VOLO, Ill., April 24 -- The following press release is being issued by Volo Auto Museum:

Volo, Illinois is a rural community approximately 50 miles northwest of Chicago. Volo's mayor is a local pig farmer and the 200 or so folks living in Volo are a close-knit group of citizens who enjoy rural life in America.

A commercial oasis in this quiet community is Volo Auto Museum, opened by the Grams family some 40 years ago. Over the last two-score years Volo has grown in the antique and classic auto museum industry, to the point where the museum attracts both national and international visitors.

Out of NOWHERE, Volvo of North America (now owned by Ford Motor Company), has brought a complaint against Volo Auto Museum before the World Intellectual Property Organization (WIPO), headquartered in Geneva, Switzerland, asserting that Volvo is somehow losing potential customers because in the cyberspace universe there may be either a realistic or fanciful confusion between potential Volvo vehicle purchasers, and those individuals who might be interested in antique, classic or muscle cars which Volo Museum has been displaying and selling for the last 40-years (long before imported Volvo vehicles were introduced into the profitable American marketplace).

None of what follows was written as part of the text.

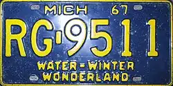 1967 | Maize on dark blue; "MICH 67" at top | Water-Winter Wonderland | AB-1234 | County-coded | Issued in the colors of the University of Michigan, in honor of its sesquicentennial. |
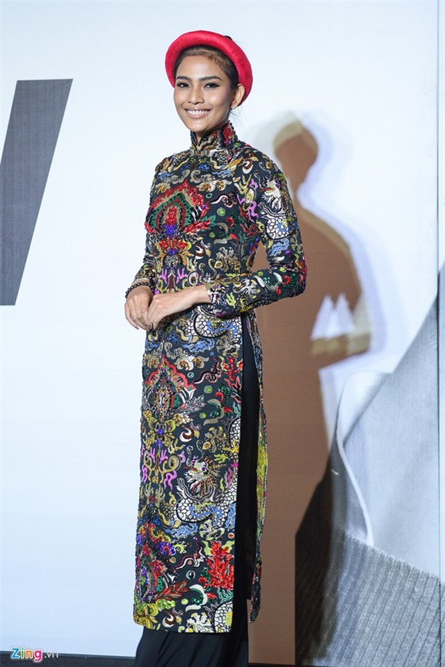| Trương Thị May vẫn giản dị như mọi lần. Cô diện áo dài với hình thêu rồng phượng cầu kỳ. |

For starters, it is unlikely that the individuals responsible for WIPO have so much as a clue regarding the difference between a classic or antique or muscle vehicle and the very fine imported Volvo products. Can you imagine anyone interested in viewing on the Internet or purchasing a 1972 Mustang Mach I, being confused and therefore not purchasing a 2003 Volvo 4-door sedan? Or is Volvo contending that the museum is somehow profiting or being deceitful by displaying a beautifully restored 1958 Thunderbird and, therefore, a potential Volvo customer might be misled into thinking that the restored 1958 Thunderbird is a late model Volvo?

Perhaps the attorneys that filed the Volvo WIPO complaint never bothered to tell Ford Company executives what they were doing or what they had in mind. Or perhaps the attorneys, in their zeal to garner mammoth lawyer fees, are generating nonsensical WIPO complaints with a view toward trying to stamp out a small local enterprise that was displaying and selling classic and antique American produced cars long before Volvo opted to enter the profitable United States marketplace.